The SOM (Self-Organizing Maps) method clusters markers into a user-specified number of bins based on their similarity to each other. In geWorkbench, a SOM visualizer component displays the results graphically. The markers clustered into a particular bin can be saved as a set back to the Markers component for further analysis.
- Note - for the distance calculations used in SOM analysis to be valid, the data should be normalized such that the scale of variation over each array is equal.
A more formal description - Self Organizing Map (SOM) is an algorithm to perform clustering of real vectors defined on an instance space of dimensionality. The clusters found are described by prototypical instances, referred as neurons of the SOM, which are arranged topologically in the form of a one or two dimensional grid, the Self Organizing Map.
Number of Rows and Columns
The final graphical display will be laid out using the given number of rows and columns. The product of the two gives the number of bins into which the markers will be clustered. Both rows and columns must be greater than 0.
When using the bubble neighborhood parameter this float value is used to define the extent of the neighborhood. If an SOM vector is within this distance from the winning node (the cluster to which an element has been assigned) then that Node (and SOM vector) is considered to be in the neighborhood and its SOM vector is adapted. This must be a number greater than 0.
The number of times the dataset will be presented to the Map. Each expression element will be presented this number of times to train the Nodes. This must be a number be greater than 0.
This value is used to scale the change of individual SOM vectors when a new expression vector is associated with a node. This must be a value between 1 and 0.
The neighborhood options indicate the conventions (formulas) used to update (adapt) an SOM vector once an expression vector has been added into a Node's neighborhood.
This option uses the provided radius (see above) to determine which surrounding SOM nodes are in the neighborhood and therefore are candidates for adaptation. When this option is selected the Alpha parameter for scaling the adaptation is used directly as provided from the user.
This option forces all SOM vectors in the network to be adapted regardless of proximity to the winning node. In this case the Alpha parameter is scaled based on the distance between the SOM vector to be adapted and the winning node's SOM vector.
SOM can be run either locally within geWorkbench, or remotely as a grid job on caGrid. See the Grid Services section for further details on setting up a grid job.
This component uses the standard analysis component framework, which provides three buttons:
- Analyze - Start the clustering job.
- Save Settings - Save the current settings to a named entry in the settings list.
- Delete Settings - Delete the selected setting entry from the list.
For this example we will start with the data set used in the ANOVA tutorial. Briefly, the Bcell-100.exp dataset was quantile normalized and log2 transformed. A set of markers found by ANOVA analysis of four groups of arrays was saved to the Markers component. It is this set of markers which will here be clustered.
1. If desired, select a subset of markers and/or arrays on which to cluster. The following figure shows the set of 1786 markers found in the ANOVA example has been activated by checking the adjacent check-box.
2. Set the SOM parameters. The default parameters are shown above in the Parameters section. We will accept these parameters.
3. Push Analyze. The result will be displayed graphically in the SOM Clusters Viewer.

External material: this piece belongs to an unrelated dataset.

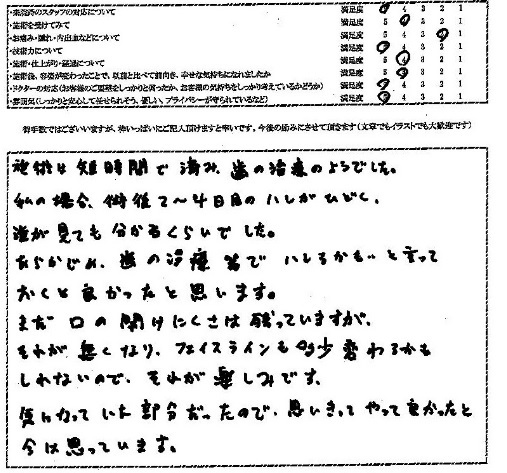 施術を受けていただいた方のアンケートを紹介します。

4. The user might experiment with different parameter settings to attempt to discern informative groupings.
SOM Clusters Viewer
Running the example just described, with 3 rows and 3 columns, produces the nine clusters shown below.

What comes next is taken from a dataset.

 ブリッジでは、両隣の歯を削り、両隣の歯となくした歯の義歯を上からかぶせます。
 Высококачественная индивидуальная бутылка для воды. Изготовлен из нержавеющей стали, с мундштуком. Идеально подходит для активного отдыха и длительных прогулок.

Mousing over a particular point on any cluster will show the marker (probeset), the array and the expression value that the point is associated with.

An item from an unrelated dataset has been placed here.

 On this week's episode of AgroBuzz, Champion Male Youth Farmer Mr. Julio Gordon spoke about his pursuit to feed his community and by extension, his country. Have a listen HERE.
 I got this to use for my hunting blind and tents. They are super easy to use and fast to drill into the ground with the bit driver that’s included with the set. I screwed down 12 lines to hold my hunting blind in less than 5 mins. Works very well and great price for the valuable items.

If the "Show selected" box is checked, the user may then click on any of the clusters and it will be enlarged to fill the display area. Unchecking the "Show selected" box will return to the original display of all clusters.
When a point on a cluster is clicked on with the mouse, the marker and array it corresponds to will be highlighted in the Markers and Arrays/Phenotypes components, respectively.
While left-clicking on a cluster display, dragging the mouse downwards and to one side or the other will produce a selection box, which will have the effect of zooming in on the region selected. Dragging the mouse upwards will zoom back out.
Right-clicking on a cluster produces the menu shown below.
The individual choices are:
Zoom In/Zoom Out
Zoom in or zoom out in a particular cluster. Zooming can be done for both axes simultaneously, or individually using the sub-menus shown in the following figure.
Return the cluster to original display size (fit to display area).
Add a snapshot of the selected cluster to the Project Folders component.
Add to Set
Add the markers in the selected cluster to a new set in the Markers component. The new sets name will start with "Cluster Grid".
The "Properties" item allows the title, scale, axis labels and other aspects of the cluster graphs to be customized.